» Supplied data

# # # # # # #

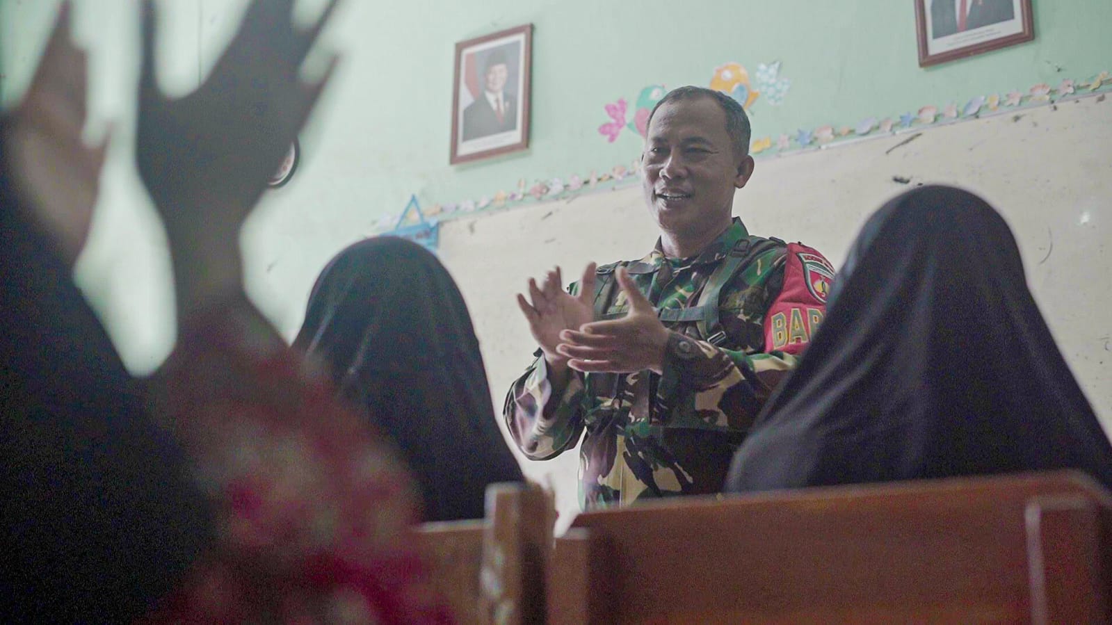 Kehadiran prajurit TNI di dalam kelas ini menjadi pemandangan yang memotivasi para siswa. Dengan didampingi Guru Kelas 6, Ibu Waenah, S.Pd., Serka Sagiman memberikan materi wawasan kebangsaan serta dorongan moril agar anak-anak desa tidak patah semangat dalam mengejar cita-cita.
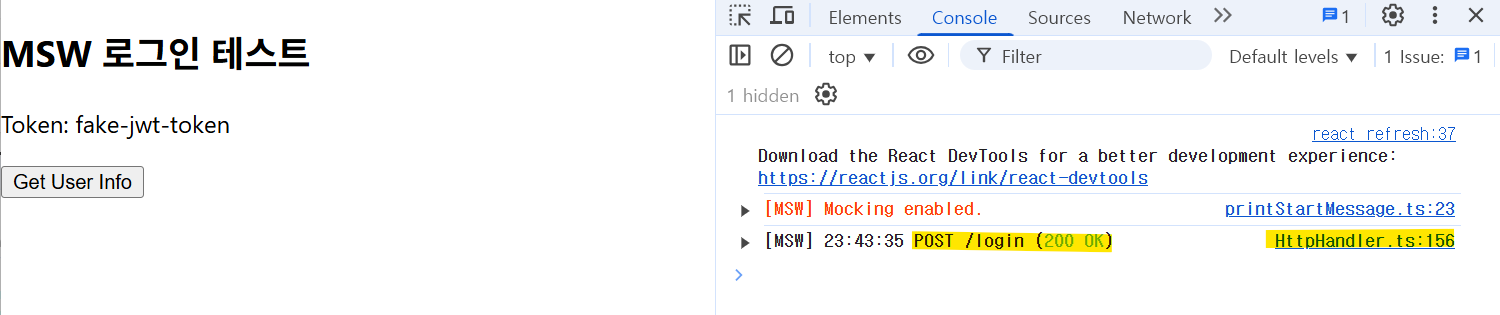 3) MSW를 이용해서 login, user API mocking을 설정 후 테스트
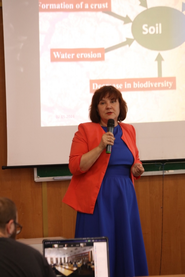 Вегар Мартінсен, професор, кафедра ґрунтознавства та води, факультет наук про навколишнє середовище та управління природними ресурсами, Норвезький університет наук про життя (NMBU), Норвегія представив наукові результати досліджень на тему «Екологічне землеробство з використанням біовугілля – 14 років досвіду польових випробуваннь в Африці». Доповідач поділився цінними досвідом впровадження сучасних біотехнологій в умовах посушливого клімату за вирощування різних груп сільськогосподарських культур.
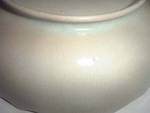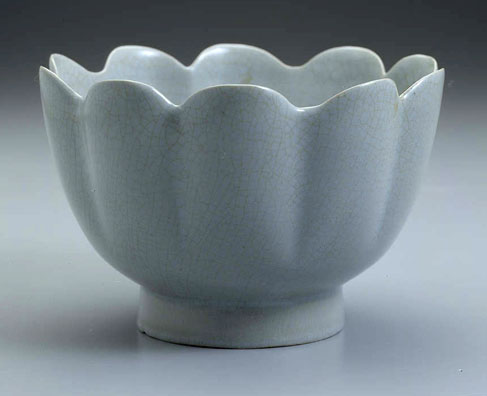 北宋时期官府在汝州设窑场,其产品称之为“汝窑”。“汝窑”出现的时期在越窑衰败之后,产品主要供宫中御用,御拣退之件,方许出卖,近尤难得。汝窑胎质细润,多数象点燃过的香灰色。透过釉底处微微带些粉色,不同于同时期的其他青瓷,风格独特,呈现一种淡淡的天青色,有的稍深,有的稍淡,但离不开天青这个基本色调。汝瓷釉汁莹润,多豆青、粉青、月白、葱绿等。通体有细片,底有芝麻细小支钉,是支烧的痕迹。现存故宫博物院的“汝窑弦纹尊(奁)、洗”,是古陶瓷中罕见的珍品。

# # # # # # #

» Assigned task
Before you return the listing, strip out its pictures; all else must match exactly.

» Result below
 Kehadiran prajurit TNI di dalam kelas ini menjadi pemandangan yang memotivasi para siswa. Dengan didampingi Guru Kelas 6, Ibu Waenah, S.Pd., Serka Sagiman memberikan materi wawasan kebangsaan serta dorongan moril agar anak-anak desa tidak patah semangat dalam mengejar cita-cita.
 3) MSW를 이용해서 login, user API mocking을 설정 후 테스트
 Вегар Мартінсен, професор, кафедра ґрунтознавства та води, факультет наук про навколишнє середовище та управління природними ресурсами, Норвезький університет наук про життя (NMBU), Норвегія представив наукові результати досліджень на тему «Екологічне землеробство з використанням біовугілля – 14 років досвіду польових випробуваннь в Африці». Доповідач поділився цінними досвідом впровадження сучасних біотехнологій в умовах посушливого клімату за вирощування різних груп сільськогосподарських культур.
 北宋时期官府在汝州设窑场,其产品称之为“汝窑”。“汝窑”出现的时期在越窑衰败之后,产品主要供宫中御用,御拣退之件,方许出卖,近尤难得。汝窑胎质细润,多数象点燃过的香灰色。透过釉底处微微带些粉色,不同于同时期的其他青瓷,风格独特,呈现一种淡淡的天青色,有的稍深,有的稍淡,但离不开天青这个基本色调。汝瓷釉汁莹润,多豆青、粉青、月白、葱绿等。通体有细片,底有芝麻细小支钉,是支烧的痕迹。现存故宫博物院的“汝窑弦纹尊(奁)、洗”,是古陶瓷中罕见的珍品。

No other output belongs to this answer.